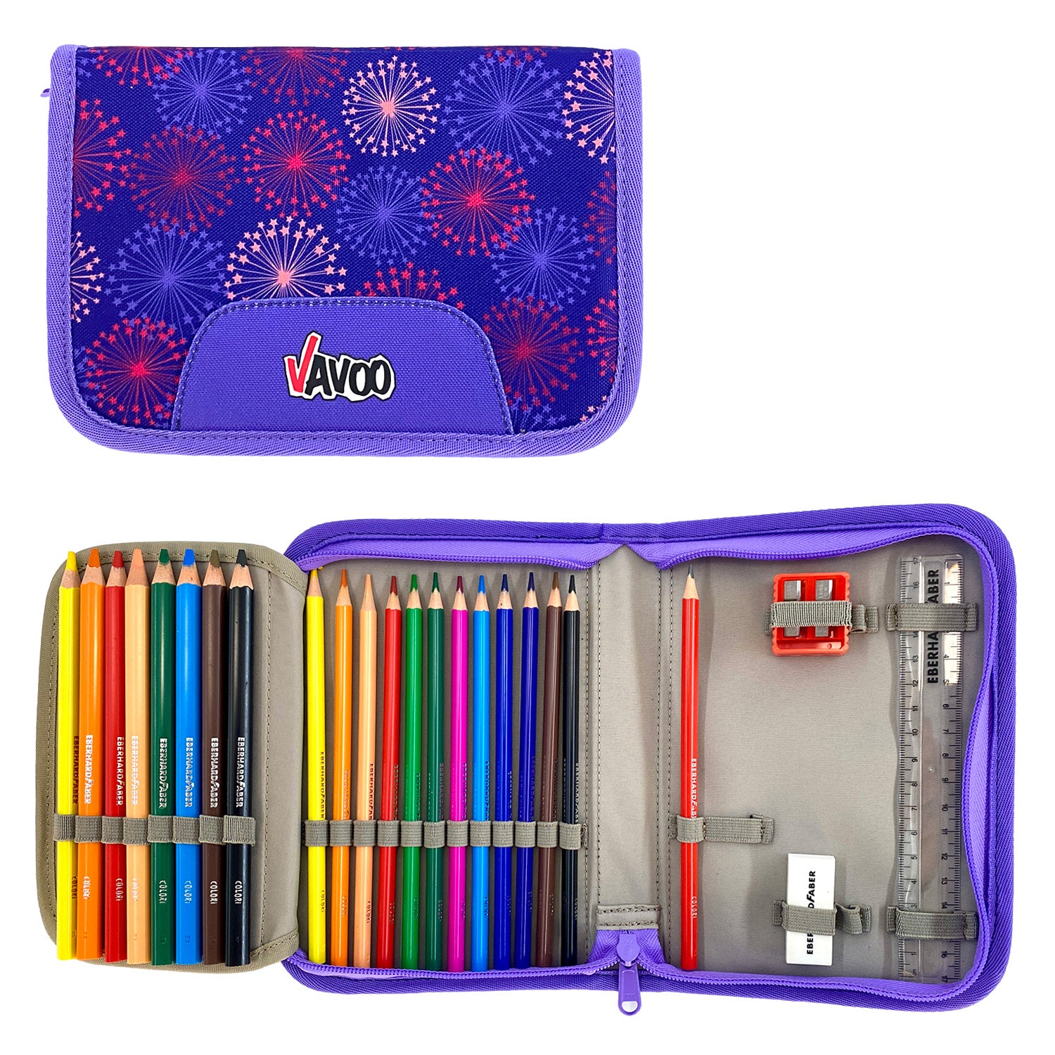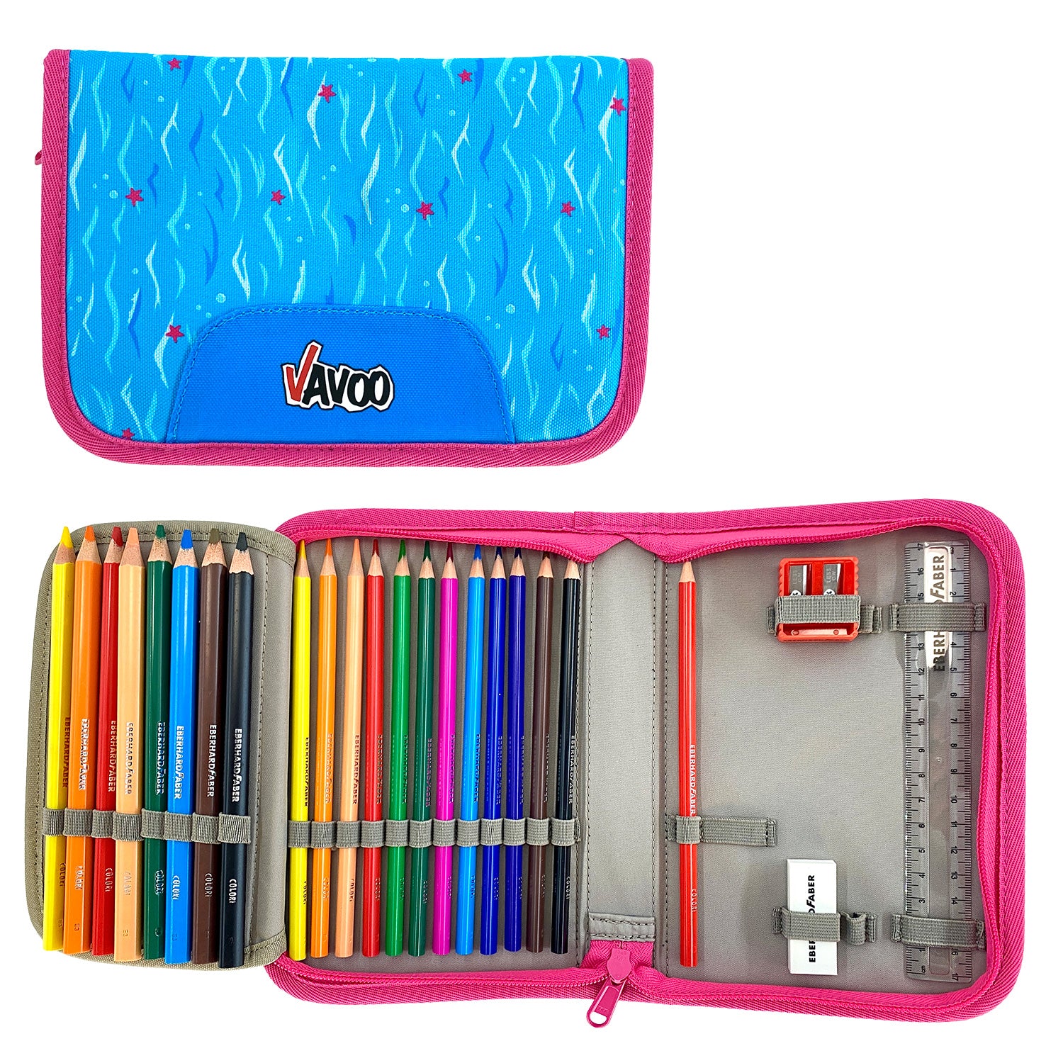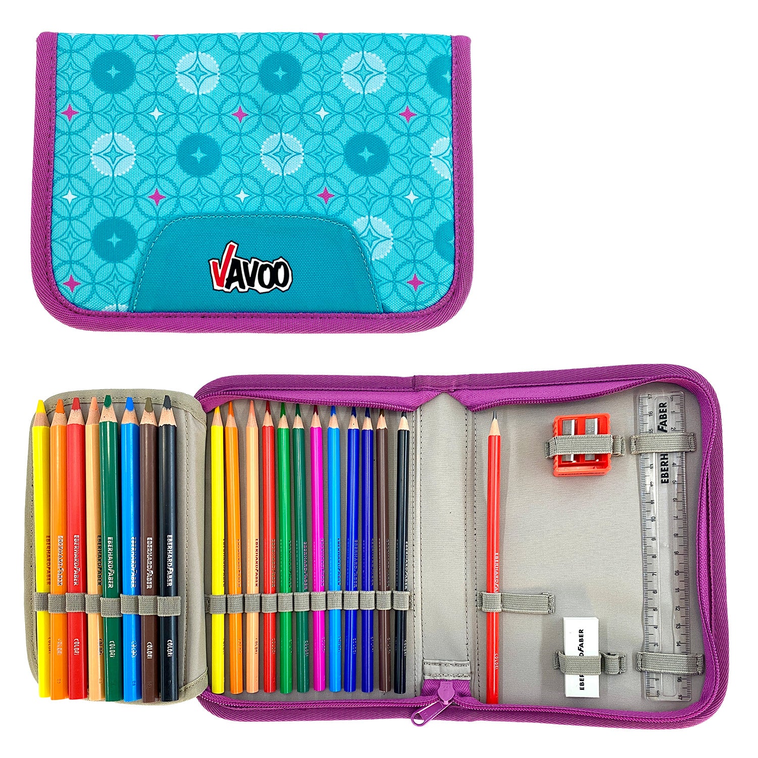 | Federmäppchen | Eberhart Faber: 12 Buntstifte (3 mm), 8 Farbstifte (5 mm), 1 Bleistift, 17cm Lineal, Radierer PVC Frei, Aluminium-Doppelspitzer mit Behälter |
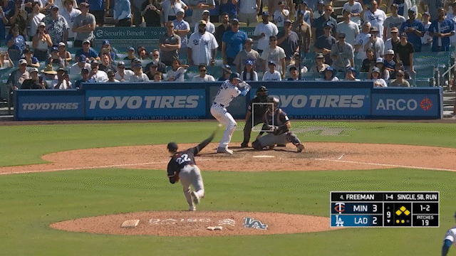 The Twins had at one point in the ninth inning a 95.3% win probability. Freeman’s swing had the biggest change in win probability for a Dodger hit all season.
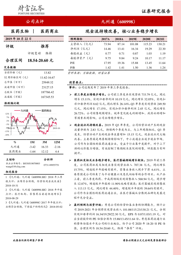 综合考虑公司的经营能力和各业务的协调发展,预计公司2019-2021年将分别实现营业收入101.08亿元、115.23亿元和130.21亿元。同期,归母净利润预计分别为16.34亿元、19.29亿元和22.30亿元,对应的每股收益(EPS)分别为0.87元、1.03元和1.19元。对应当前股价,2019-2021年的PE估值分别为15.88倍、13.45倍和11.64倍。鉴于医药流通行业的整体估值水平及九州通的行业地位,分析师给予公司2020年18-20倍PE估值,合理区间为18.54-20.60元,并维持“推荐”评级。

• [What this task involves]:
Strip out the pictures and quote the remaining data word for word.

• [Solution to this exercise]:
 | Federmäppchen | Eberhart Faber: 12 Buntstifte (3 mm), 8 Farbstifte (5 mm), 1 Bleistift, 17cm Lineal, Radierer PVC Frei, Aluminium-Doppelspitzer mit Behälter |
 The Twins had at one point in the ninth inning a 95.3% win probability. Freeman’s swing had the biggest change in win probability for a Dodger hit all season.
 综合考虑公司的经营能力和各业务的协调发展,预计公司2019-2021年将分别实现营业收入101.08亿元、115.23亿元和130.21亿元。同期,归母净利润预计分别为16.34亿元、19.29亿元和22.30亿元,对应的每股收益(EPS)分别为0.87元、1.03元和1.19元。对应当前股价,2019-2021年的PE估值分别为15.88倍、13.45倍和11.64倍。鉴于医药流通行业的整体估值水平及九州通的行业地位,分析师给予公司2020年18-20倍PE估值,合理区间为18.54-20.60元,并维持“推荐”评级。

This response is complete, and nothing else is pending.